Estaba seguro de que él había reconocido mi barca y había querido asustarme. Si no, hubiera vuelto. Sería mejor que utilizara el fusil. Quito el seguro. A ciento cincuenta brazas de allí, el cetáceo saltó, todo el cuerpo fuera del agua. Pude admirar su mole y su vigor. También su agilidad. Era el delfín de Ángela. Lo reconocí. No había visto nunca un delfín que actuara así. Y esos últimos días iba en busca de Ángela; era evidente. Buscaba ávidamente por el mar. Cuando su lomo volvió a salir, apunté y tiré. El eco repercutió a lo lejos, se rompió sobre la llanura infinita del agua, se ahogó. Supe que había fallado; el cetáceo reapareció más lejos. Con aquel ruido de burbuja rompiéndose en el agua, como siempre, y se oía la explosión del aire en las cañas, como el ruido de una botella de cuello estrecho de la que se hace saltar el tapón. Su costado brilló al sol como el cinc. Como un caballo cuyo jinete caza un ciervo, jugaba con el agua, proyectaba la espuma en el aire y daba coces. Su fuerza y su gracia, su fogosidad y su rapidez no cortaron mi resolución. Lo cogeré. Lo acosaré día y noche, por todo el océano. Un día u otro lo alcanzaré. Tenía arpón y fusil. Y si era necesario, me tiraría al mar con mi cuchillo y lucharía con él para matarlo. La virilidad desborda de mi cuerpo mientras me incorporo al sol y mi sombra desplegada cubre toda la barca. Se nota el olor de la mujer mezclado al del mar. Por mi cuerpo chorrea el sudor y mis axilas y mi cuerpo huelen a sal. Subo el sedal y no queda más que una puntita del caparazón del crustáceo. Lo cojo. Es diáfano como un trocito de uña. Meto mis dedos en el agua, la pequeña placa se desengancha y cae suavemente hacia el fondo. Vuelve al lugar de donde salió. Los otros pequeños crustáceos están en la cesta. Reventados en su mayoría. Algunos aún mueven lentamente sus finas patas. Van a morir. Los tiro al agua. Su masa se esparce y se hunde. Los miro hasta que desaparecen. Como los sedales sostenidos que se desvanecen en el oscuro abismo. Mi dorada se ha secado. Ha perdido su brillantez. La cojo en mis manos y me parece igual que un saco de yeso endurecido, osificado. Es roja. Pero ya no tiene el rojo resplandeciente de la vida. Se diría que la han pintado de rojo. La tiro al mar. Mi corazón está pesado.

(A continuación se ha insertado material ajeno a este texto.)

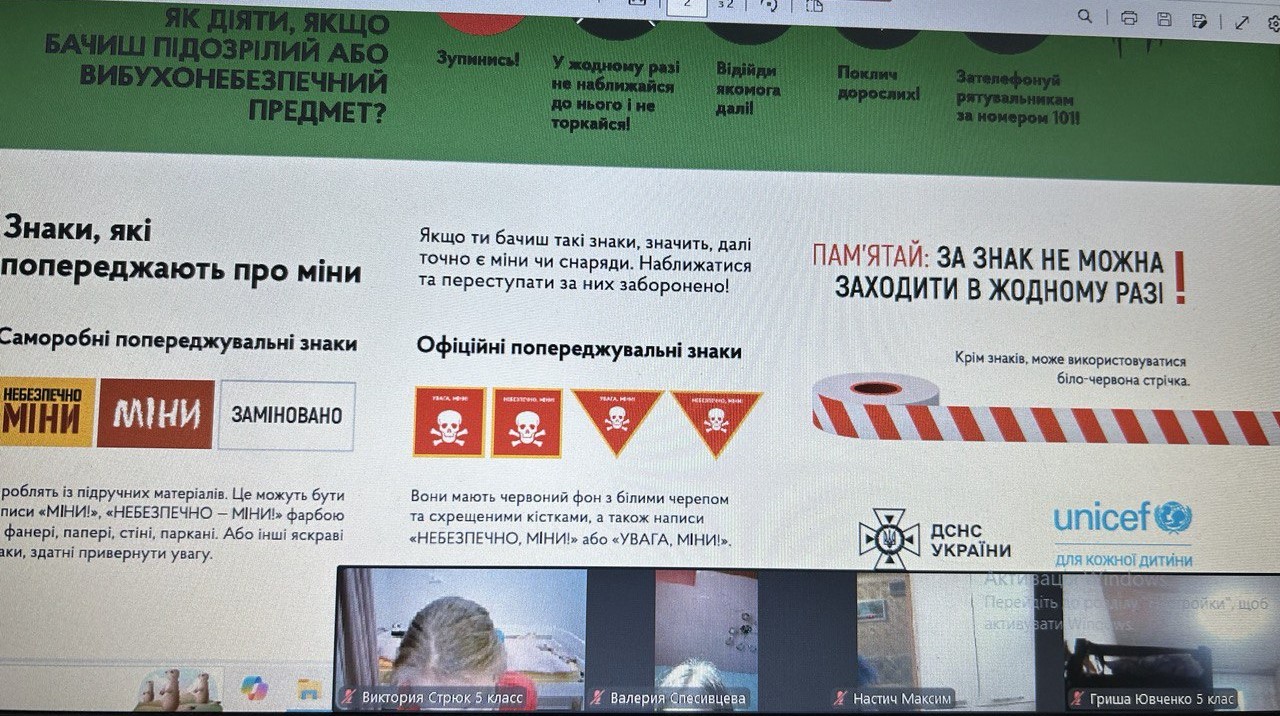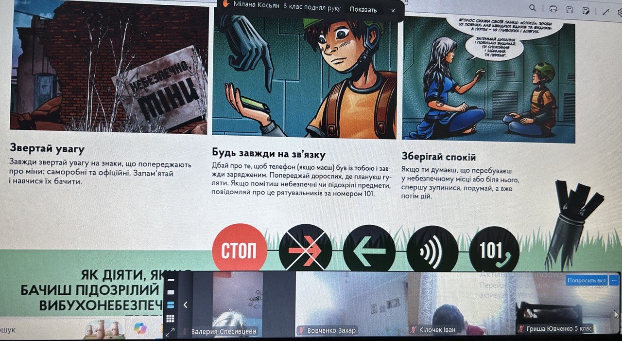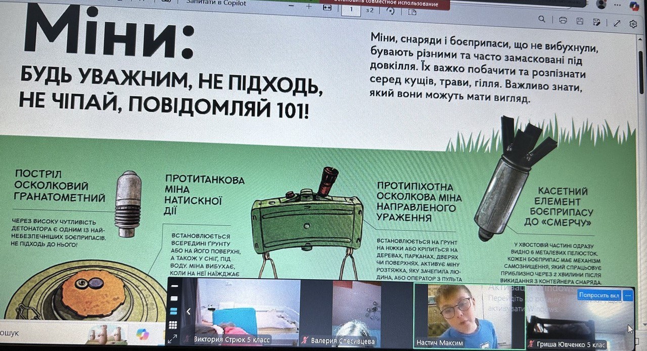 З вихованцями 5 класу проведена бесіда: «Міни: будь уважним, не підходь, не чіпай, повідомляй 101!»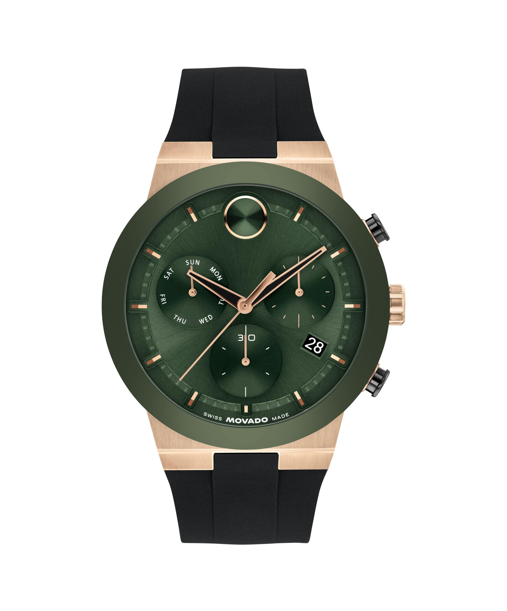 This 44mm chronograph watch features a green sunray dial, ceramic bezel, and a black silicone strap.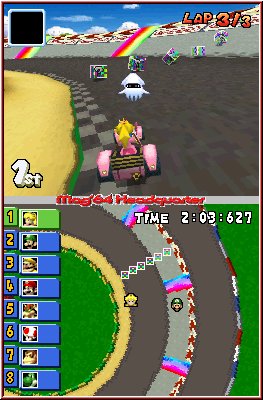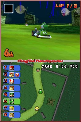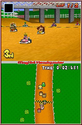 Auch grafisch ist Mario Kart DS eine echte Augenweide. Das beginnt bei der wunderschönen Nachbildung alter bekannter Strecken, die selbst im Falle der GCN Strecken wenig von ihrem Flair verloren haben. Das liegt vor allem daran das Mario Kart DS sehr satte Farben und kaum Pixelgrafiken mitbringt. Es wirkt alles für bisher gesehene DS Verhältnisse sehr edel und detailliert. Ob die Animationen der Fahrer, die Effekte der Items oder eben sehr detailliert gestalteten Karts. Dazu die Streckenführungen mit Bergauf und Ab Passagen, die wunderbar flüssig spielbar sind. Technisch keinerlei Probleme machend stimmt der Gamespeed und selbst die Hintergrundgrafiken sind perfekt gelungen. Das geht dann soweit das z.b. der Schokosumpf aus der N64 Version mit dem ähnlichen Nebeleffekt wie damals gestaltet wurde. Notwendig ist das ganze auf dem DS wie andere Strecken ja zeigen eigentlich nicht. Dazu kommen so gut wie keine Clipping Fehler oder gar eine schlechte Kollisionsabfrage. Für DS Verhältnisse Ende 2005 ist Mario Kart sicherlich ein Meilenstein, auch wenn wie in 2 Jahren vielleicht über Mario Kart DS schmunzeln werden. ;-)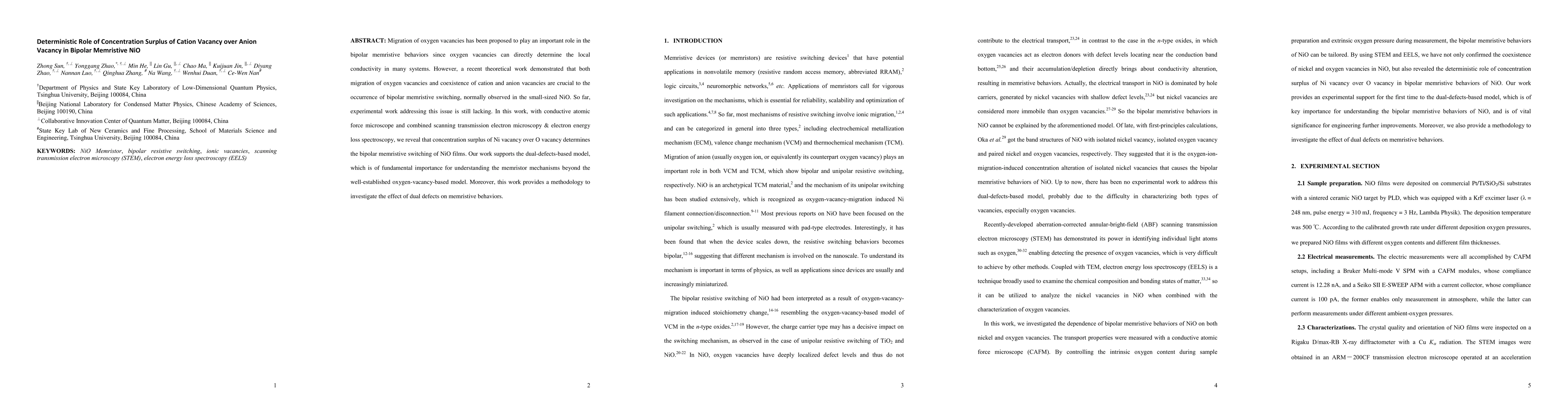 This study reveals that the concentration surplus of cation vacancies over anion vacancies in NiO films is crucial for bipolar memristive switching, supporting a dual-defects-based model beyond the traditional oxygen-vacancy-based model. The findings provide a methodology to explore the impact of dual defects on memristive behaviors.
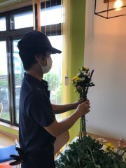 異色の経歴の持ち主で、面接の時に「お花ができます」と聞いていましたので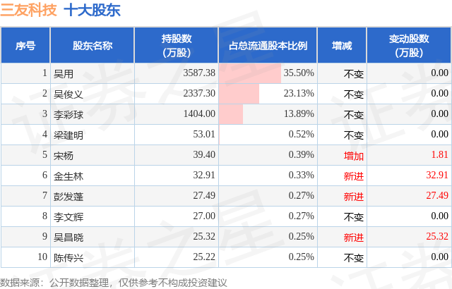 根据三友科技2025年三季报公布的十大股东详情如下: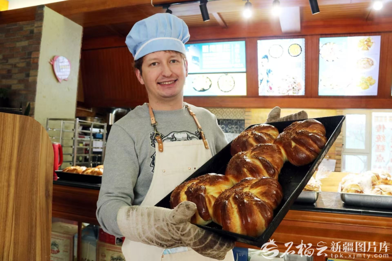 海凯夫展示做好的糕点。本人供图 2019年,从大连交通大学毕业的海凯夫,回到家乡塔城,接过家族的非遗传承接力棒,让塔塔尔族糕点的香甜,成为串联各民族情谊的纽带。 “塔塔尔族糕点不仅是舌尖上的美味,更是承载文化与情感的载体。”谈及返乡初衷,海凯夫坦言,最初只是想帮父母分担压力,可真正接触糕点制作后才发现,小小糕点里藏着大意义,它不仅是非遗技艺的延续,还是让更多人读懂新疆各民族故事的窗口。 为让非遗传承更具活力,2021年,海凯夫创新推出民族团结糕点课堂。活动中,员工会轮流讲述本民族饮食习俗,再携手研发融合风味新品,让各民族的文化在碰撞中开出创意之花。 此前几年,他还带着团队走进学校、社区,举办30余场非遗体验活动;后来为扩大规模,又打造研学基地,邀请大家走进百年老院,在制作糕点过程中感受中华文化魅力。 “虽然是一块糕点,但意义不同。”海凯夫说,每次看着孩子们捏出创意十足的糕点,就知道文化认同的种子已经种下。 2021年,对海凯夫和这份甜蜜事业而言,是意义非凡的一年。这一年,塔塔尔族传统糕点制作技艺成功入选国家级非物质文化遗产代表性项目名录。他带领团队对传统技艺进行系统性整理,制定标准化生产流程,确保每一块糕点都保留最纯正风味。同时,注册多个商标,两次升级产品包装,开发出多种融合多民族饮食特色的创新产品。 百年老院里的甜蜜事业,正以最质朴的方式,书写着“中华民族一家亲”的生动篇章。 “一人富不算富,大家富才是真的富。”这是海凯夫常挂在嘴边的话。来自于田县的吾瓦尔汗·忙力克是这里的员工代表,原本她在塔城市有份安稳工作,但因为对烘焙感兴趣,便来店里应聘。刚来时没有任何糕点制作经验,在海凯夫耐心指导下,她不仅掌握烘焙制作技艺,在和其他同事的相处中,也愈发自信。如今,吾瓦尔汗已成为技术骨干,月收入超过5000元。 “现在糕点能发快递,店铺也开到成都、上海等地。”海凯夫说,6年来,企业已先后培养出20余名创业能手,其中12人独立开店,他们又带动更多人就业,让这份甜蜜事业形成“就业——创业——再就业”的良性循环。 秉持着要像爱护眼睛一样爱护民族团结的信念,海凯夫正在筹建民族团结非遗产业园,计划打造集技艺传承、文化体验、研学旅游于一体的综合性平台,为促进各民族交往交流交融提供新载体。 “文化传承和民族团结就像面团和水,充分融合,便能发酵出最美好的味道”。海凯夫说,他和团队用实际行动证明,非遗传承是铸牢中华民族共同体意识的重要纽带,各族群众正像石榴籽一样紧紧抱在一起,在传承文化、发展事业的路上,共同创造更甜蜜的生活。
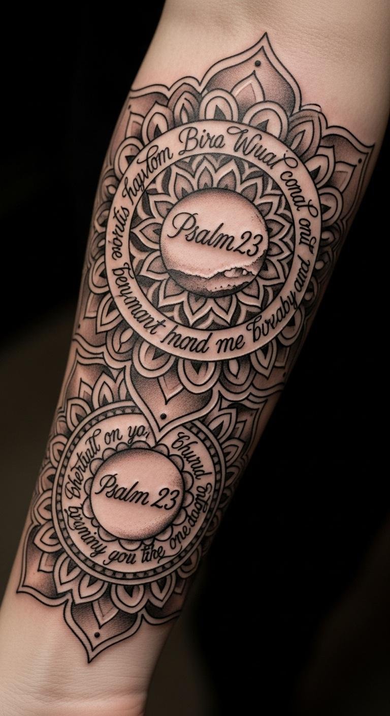 This design not only reflects personal expression but also serves as a protective embrace, enveloping the wearer in a sense of peace and strength derived from their beliefs, creating a powerful emotional connection to the verse.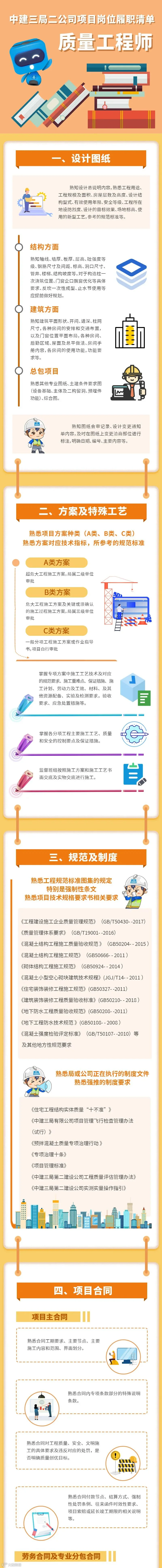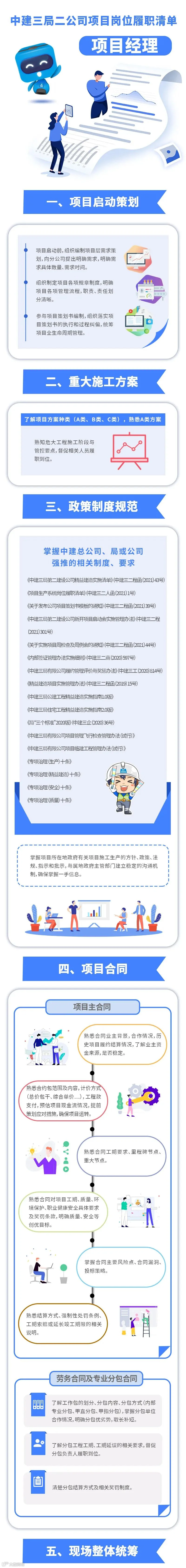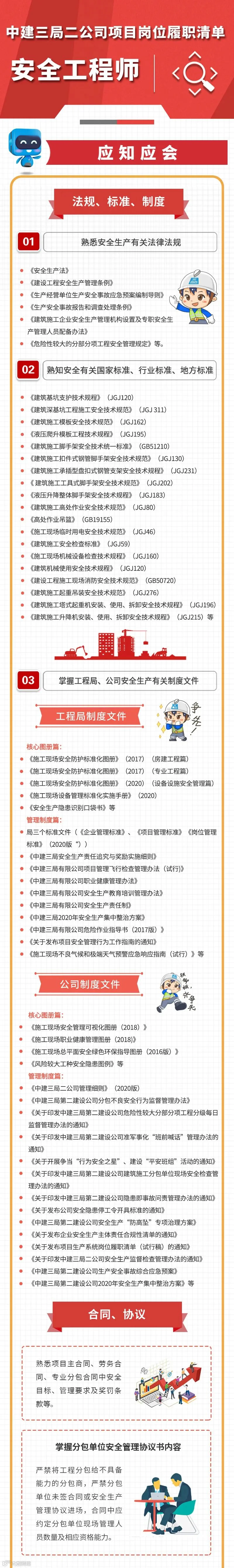 项目部各岗位工作该怎么干?中建三局二公司为规范项目生产系统岗位管理责任、增强项目员工履职尽责意识、提升项目管理水平,对①项目经理②建造总监③安全总监④质量工程师⑤专业工程师⑥安全工程师六项管理岗位的工作内容与管理职责细化明确,推出《中建三局二公司项目生产系统岗位履职清单》,推荐大家对照学习。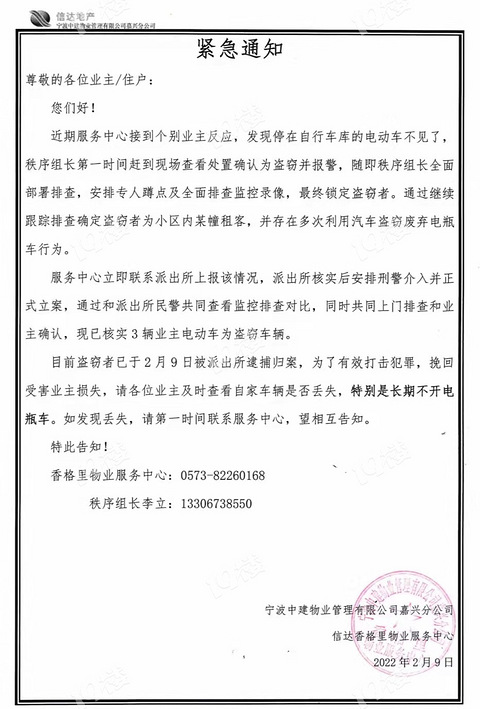 业主电瓶车停放在一楼车库,由于长时间停放被小偷钻了空子,多名业主财务收到损失!!香格里小区是否安全!物业是否有作为!物业费在周边高居榜首却无法保证业主安全。请敲响警钟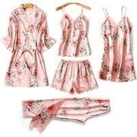 Fabric: 100% polyester. Satin pyjamas: Get a beautiful five-piece floral satin nightwear set. Floral design: Featuring a stunning pink floral print with green foliage, plus a delicate lace trim finish. Features: Soft and lightweight with elasticated waists and a silky smooth feel. Nightwear: A glamourous nightwear set for romantic nights in. Set includes: A short dressing gown, vest, shorts, trousers and nightdress. Sizes: Choose from ladies UK sizes 8-18.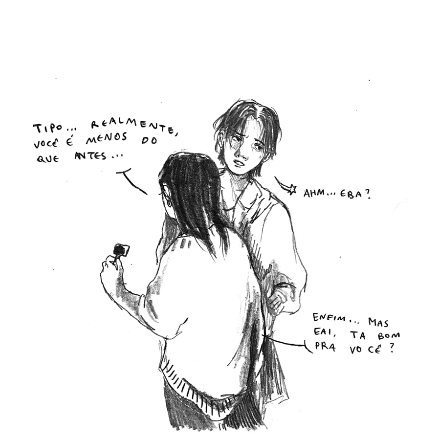 ㅤㅤQue Nunca Acaba é uma parceria entre Patricia Baik e Gustavo Nascimento, investigando a linguagem narrativa dos quadrinhos. O projeto nasce da vontade de um alívio, um respiro de aspirar romances em que poderíamos ser protagonistas. Por meio de diálogos, buscamos compreender dúvidas sobre afeto, nós e o outro. Como consequência, voltamos para o que compõe nossa identidade, nosso ser.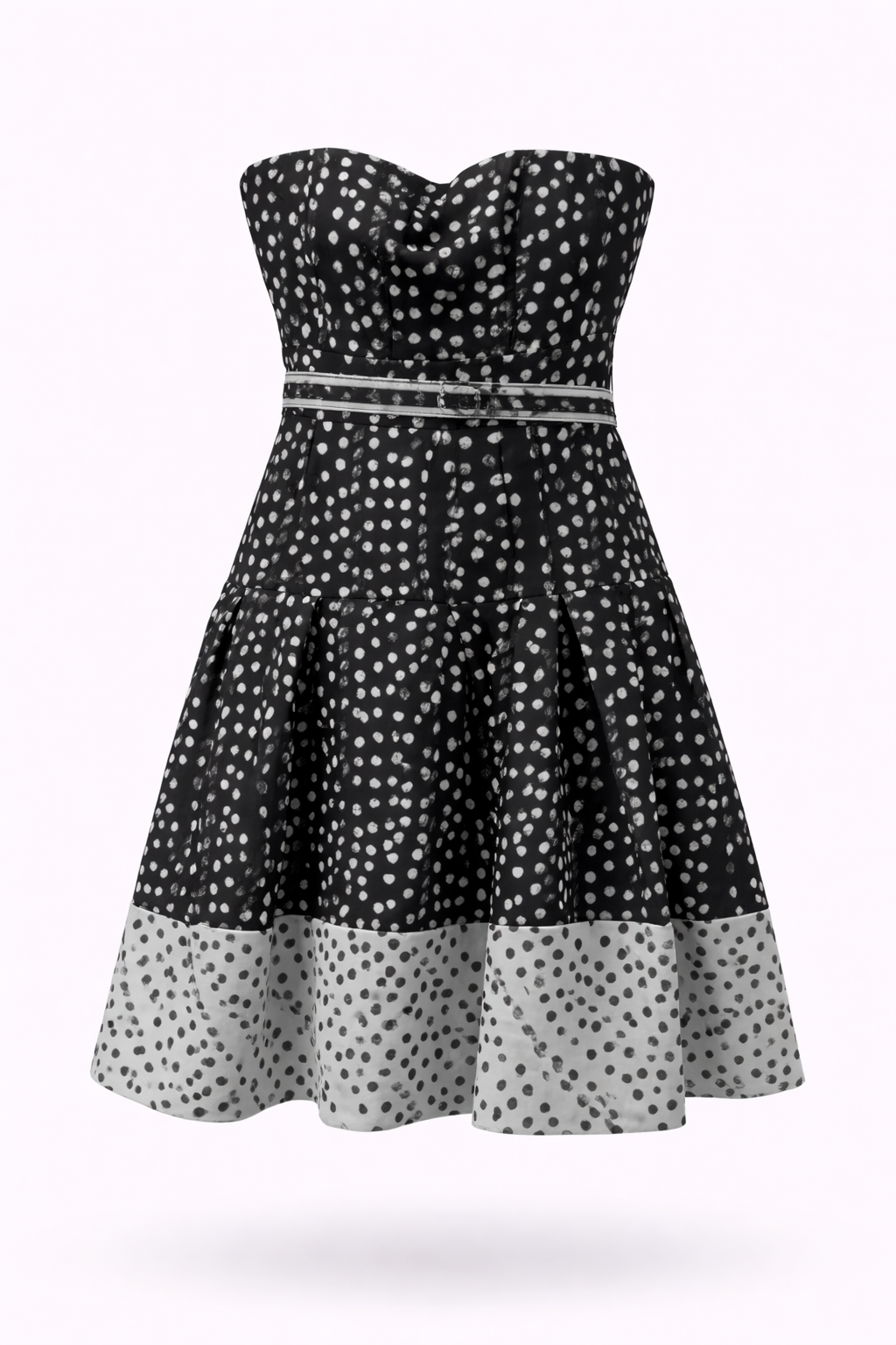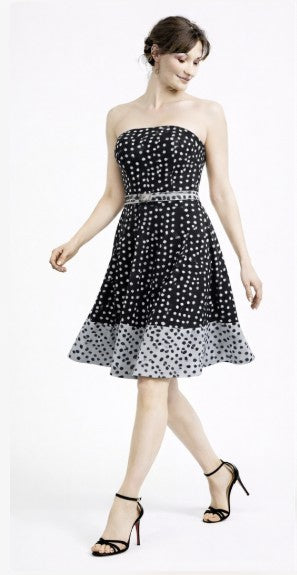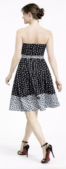 • Strapless fit and flare dot with self belt

Nunca he sentido un calor así. Mi piel está seca. Lleno el cubito, me echo el agua por encima. Es extraño, ya no tengo ganas de sumergirme. La brisa se levanta y recorre rápidamente la superficie del agua, que se estremece. Es la brisa de tierra. ¡Puede soplar y traer su frescor! Remo y me alejo hacia alta mar. Durante horas olvido el tiempo, y de pronto me doy cuenta de que estoy muy lejos, frente a Nissiopi. La corriente me empuja hacia el sur, en dirección a Kavaluros, en alta mar, quizás a dos millas de la costa. ¡Qué de prisa cambia el tiempo! La nube que sube por detrás del Ordymnos lo deja presagiar. Se levanta el viento. La superficie del agua se riza, se ensombrece. A lo lejos, el mar se hincha. Las olas vienen de alta mar. De aquí y de allá, distingo las ovejas. Podré izar la vela. Saco los remos. Me echo en el fondo de la barca. Sólo veo el cielo y las nubes. Pienso en la pasión que tiraniza mi carne.

Ángela y Elisa se erizan las dos en mí. Hay que acabar con este asunto. No había comprendido que sólo había empezado. La barca empezó a bambolearse hasta el punto de hacerme rodar en el fondo. Oía el chapoteo de las olas que llegaban. Decididamente, el tiempo se estropeaba rápidamente. Recuerdo las palabras de Tomás, diciendo que aquella calma chicha escondía una borrasca. Decidí izar la vela. Pero espero un poco más. Me gusta que el viento me lleve a su antojo. Abandonarme al destino. El decidirá, no yo. Las olas se deshacen sobre mí. Vuelvo a ver la misma imagen: una de las aletas, la silueta de Ángela que se sumerge en el mar. El viento ha aumentado. La claridad del sol se enturbió poco a poco hasta que una sombra inmensa cubrió todo el mar. El cielo se cubrió de nubes, que bajaban y corrían. Los relámpagos brotaron bruscamente del Ordymnos. Metí mi camisa y mis pantalones bajo el doble fondo de la proa para protegerlos en caso de lluvia. El viento empezó a rugir en el mástil. Las olas se encresparon. Las masas de agua se precipitaron como caballos desbocados insensibles a la herida del bocado que les roza el bezo.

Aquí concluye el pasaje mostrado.